Work required —
The required output is the exact run of lines in the listing below from the line holding "Suíte 6 (Superior): 2" through the line holding "4月20日,交通与航海学院召", with no pictures.

Supplied material —
= = =

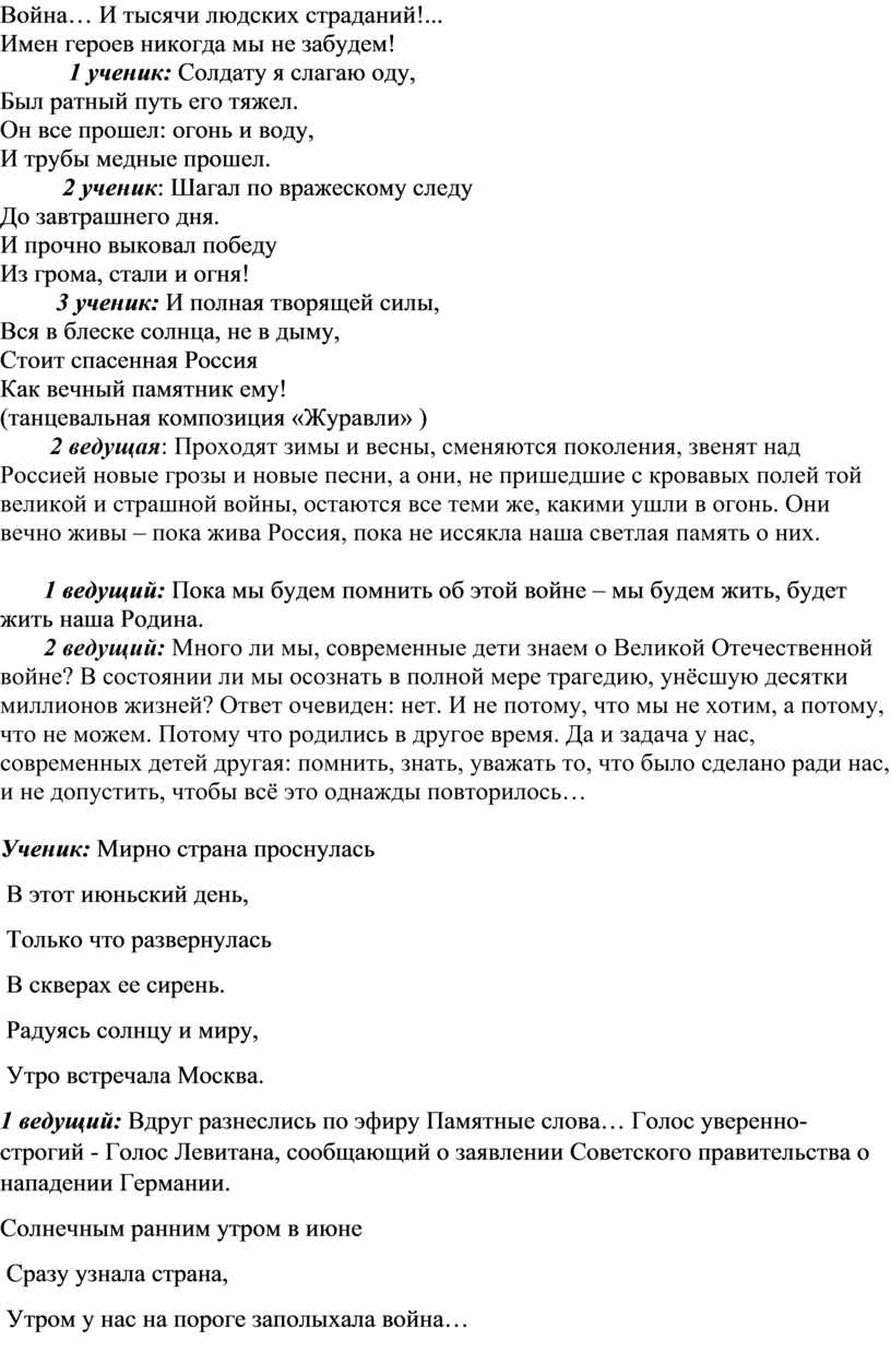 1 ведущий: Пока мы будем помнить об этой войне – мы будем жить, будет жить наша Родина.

= = =

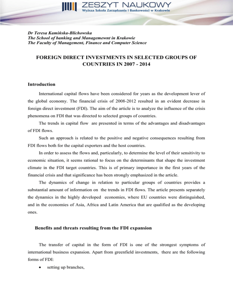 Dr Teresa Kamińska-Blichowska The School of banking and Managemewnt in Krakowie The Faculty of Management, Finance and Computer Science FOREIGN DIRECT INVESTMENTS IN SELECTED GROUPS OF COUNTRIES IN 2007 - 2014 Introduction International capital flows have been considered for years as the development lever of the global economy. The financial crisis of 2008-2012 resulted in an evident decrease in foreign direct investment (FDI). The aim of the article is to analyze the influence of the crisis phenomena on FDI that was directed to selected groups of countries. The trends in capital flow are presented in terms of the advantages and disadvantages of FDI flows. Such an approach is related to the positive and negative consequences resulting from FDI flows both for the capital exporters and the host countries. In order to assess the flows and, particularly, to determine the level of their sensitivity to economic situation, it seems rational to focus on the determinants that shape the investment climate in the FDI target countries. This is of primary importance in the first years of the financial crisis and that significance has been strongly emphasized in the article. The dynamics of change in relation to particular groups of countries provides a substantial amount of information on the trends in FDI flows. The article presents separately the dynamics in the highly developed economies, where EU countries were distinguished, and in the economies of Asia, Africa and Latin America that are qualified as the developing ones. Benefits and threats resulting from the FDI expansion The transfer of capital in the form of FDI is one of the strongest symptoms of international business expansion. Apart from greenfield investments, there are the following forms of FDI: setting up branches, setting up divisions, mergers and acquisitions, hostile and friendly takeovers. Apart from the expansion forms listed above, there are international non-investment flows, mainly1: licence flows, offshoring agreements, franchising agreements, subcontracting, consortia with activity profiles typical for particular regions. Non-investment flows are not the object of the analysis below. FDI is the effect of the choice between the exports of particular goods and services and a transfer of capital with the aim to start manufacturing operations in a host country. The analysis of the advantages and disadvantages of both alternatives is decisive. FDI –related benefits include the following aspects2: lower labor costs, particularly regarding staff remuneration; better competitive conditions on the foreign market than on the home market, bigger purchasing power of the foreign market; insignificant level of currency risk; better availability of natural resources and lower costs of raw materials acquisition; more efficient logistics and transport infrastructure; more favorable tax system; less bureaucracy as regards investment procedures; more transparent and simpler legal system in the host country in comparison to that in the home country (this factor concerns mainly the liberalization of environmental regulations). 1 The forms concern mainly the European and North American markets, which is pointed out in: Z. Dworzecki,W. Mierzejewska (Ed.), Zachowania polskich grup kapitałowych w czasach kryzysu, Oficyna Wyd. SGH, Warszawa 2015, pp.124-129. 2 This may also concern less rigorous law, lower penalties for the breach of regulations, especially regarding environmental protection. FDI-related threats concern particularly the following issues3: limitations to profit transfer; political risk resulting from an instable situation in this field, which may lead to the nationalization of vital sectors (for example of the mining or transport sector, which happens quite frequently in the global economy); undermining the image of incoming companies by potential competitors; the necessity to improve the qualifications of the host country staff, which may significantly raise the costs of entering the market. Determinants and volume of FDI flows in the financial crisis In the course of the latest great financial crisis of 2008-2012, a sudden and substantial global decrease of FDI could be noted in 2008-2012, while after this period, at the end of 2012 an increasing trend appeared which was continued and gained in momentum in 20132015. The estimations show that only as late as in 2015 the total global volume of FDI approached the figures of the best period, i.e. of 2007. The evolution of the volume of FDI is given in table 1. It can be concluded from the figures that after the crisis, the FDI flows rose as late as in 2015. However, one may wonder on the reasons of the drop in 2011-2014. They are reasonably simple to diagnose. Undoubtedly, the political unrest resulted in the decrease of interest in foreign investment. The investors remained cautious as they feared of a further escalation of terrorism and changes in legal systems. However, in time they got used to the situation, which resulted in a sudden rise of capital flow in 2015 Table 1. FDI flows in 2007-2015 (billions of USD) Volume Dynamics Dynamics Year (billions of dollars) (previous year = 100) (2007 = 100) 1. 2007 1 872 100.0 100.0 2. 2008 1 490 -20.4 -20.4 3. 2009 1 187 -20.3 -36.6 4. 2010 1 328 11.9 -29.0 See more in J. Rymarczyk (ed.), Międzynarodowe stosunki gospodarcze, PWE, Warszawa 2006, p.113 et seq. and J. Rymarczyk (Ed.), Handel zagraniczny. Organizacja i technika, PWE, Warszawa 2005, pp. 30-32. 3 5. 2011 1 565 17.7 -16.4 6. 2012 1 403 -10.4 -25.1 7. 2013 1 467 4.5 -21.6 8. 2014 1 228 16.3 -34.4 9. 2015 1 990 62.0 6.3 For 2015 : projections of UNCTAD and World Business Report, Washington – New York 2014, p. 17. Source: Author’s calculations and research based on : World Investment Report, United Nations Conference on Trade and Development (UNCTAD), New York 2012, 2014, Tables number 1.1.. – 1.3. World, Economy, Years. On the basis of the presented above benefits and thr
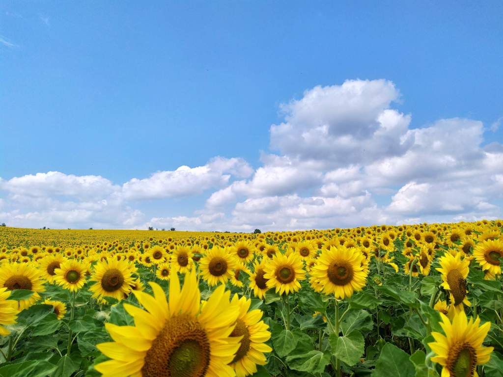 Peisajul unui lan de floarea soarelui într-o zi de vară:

= = =

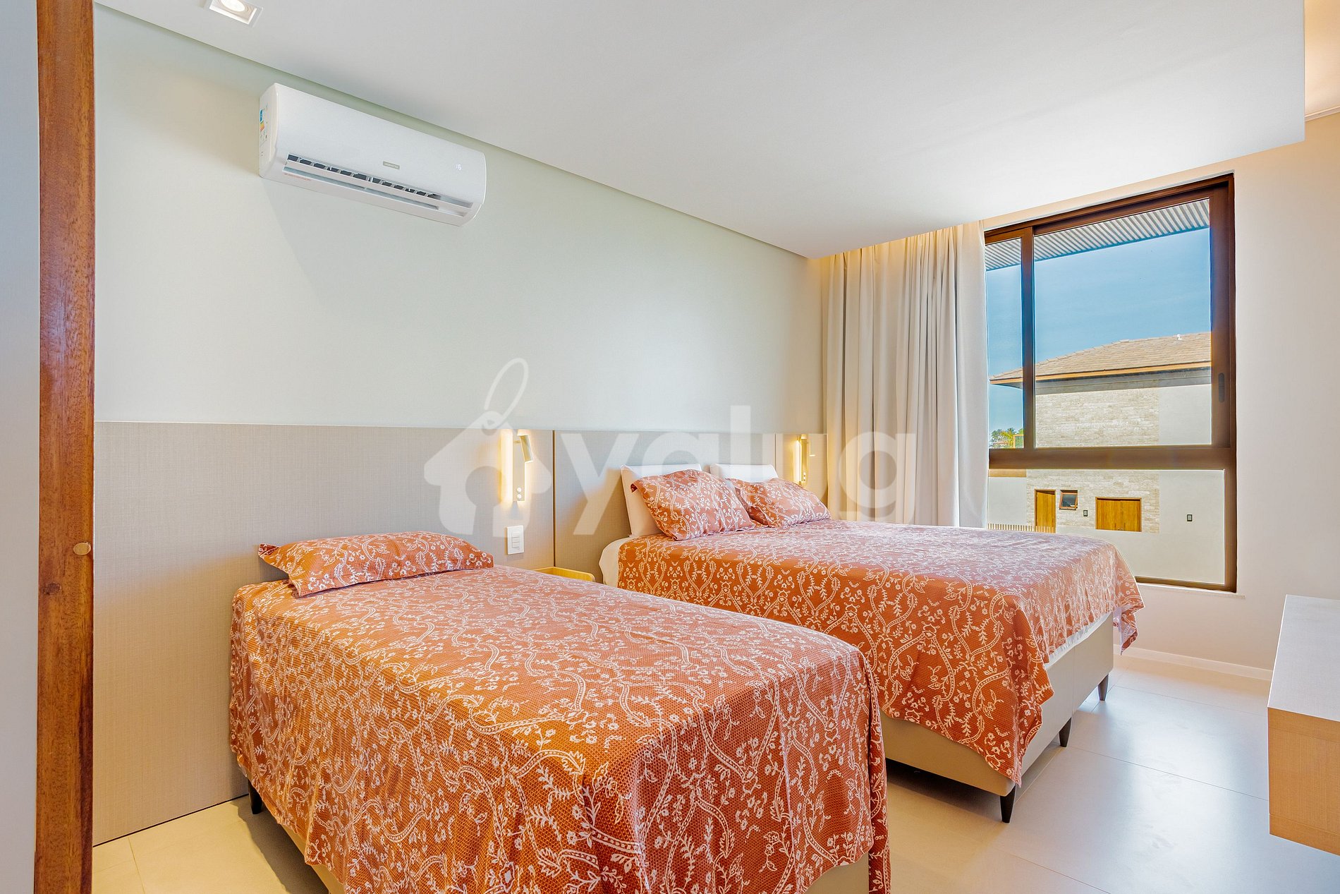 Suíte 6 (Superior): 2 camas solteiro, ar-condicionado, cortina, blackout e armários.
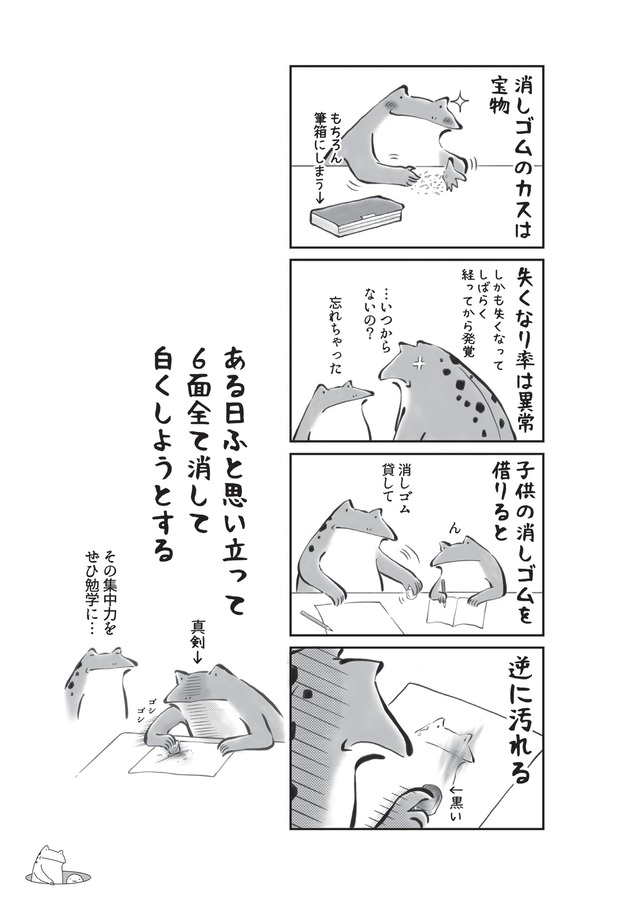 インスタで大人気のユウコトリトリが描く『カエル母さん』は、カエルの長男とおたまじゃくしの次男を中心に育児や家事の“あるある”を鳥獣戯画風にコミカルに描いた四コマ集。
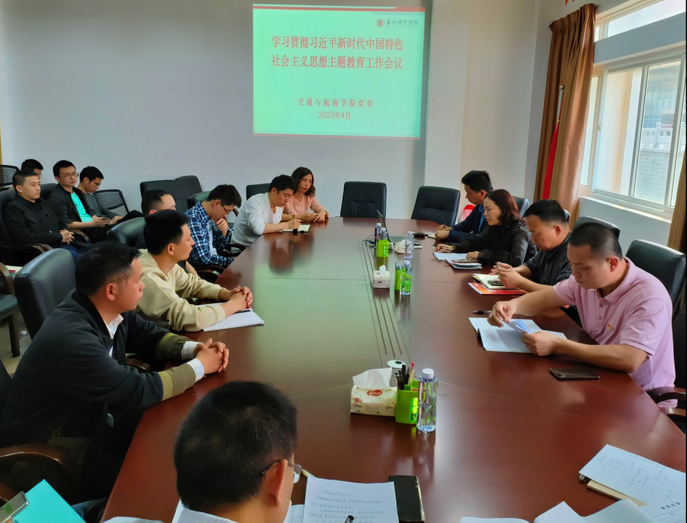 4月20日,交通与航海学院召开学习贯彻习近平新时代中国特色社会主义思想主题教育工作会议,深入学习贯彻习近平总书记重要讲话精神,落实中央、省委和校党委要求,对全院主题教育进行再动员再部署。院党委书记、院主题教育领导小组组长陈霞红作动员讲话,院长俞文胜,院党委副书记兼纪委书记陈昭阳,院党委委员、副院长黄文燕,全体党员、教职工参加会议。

= = =

Expected answer —
 Suíte 6 (Superior): 2 camas solteiro, ar-condicionado, cortina, blackout e armários.
 インスタで大人気のユウコトリトリが描く『カエル母さん』は、カエルの長男とおたまじゃくしの次男を中心に育児や家事の“あるある”を鳥獣戯画風にコミカルに描いた四コマ集。
 4月20日,交通与航海学院召开学习贯彻习近平新时代中国特色社会主义思想主题教育工作会议,深入学习贯彻习近平总书记重要讲话精神,落实中央、省委和校党委要求,对全院主题教育进行再动员再部署。院党委书记、院主题教育领导小组组长陈霞红作动员讲话,院长俞文胜,院党委副书记兼纪委书记陈昭阳,院党委委员、副院长黄文燕,全体党员、教职工参加会议。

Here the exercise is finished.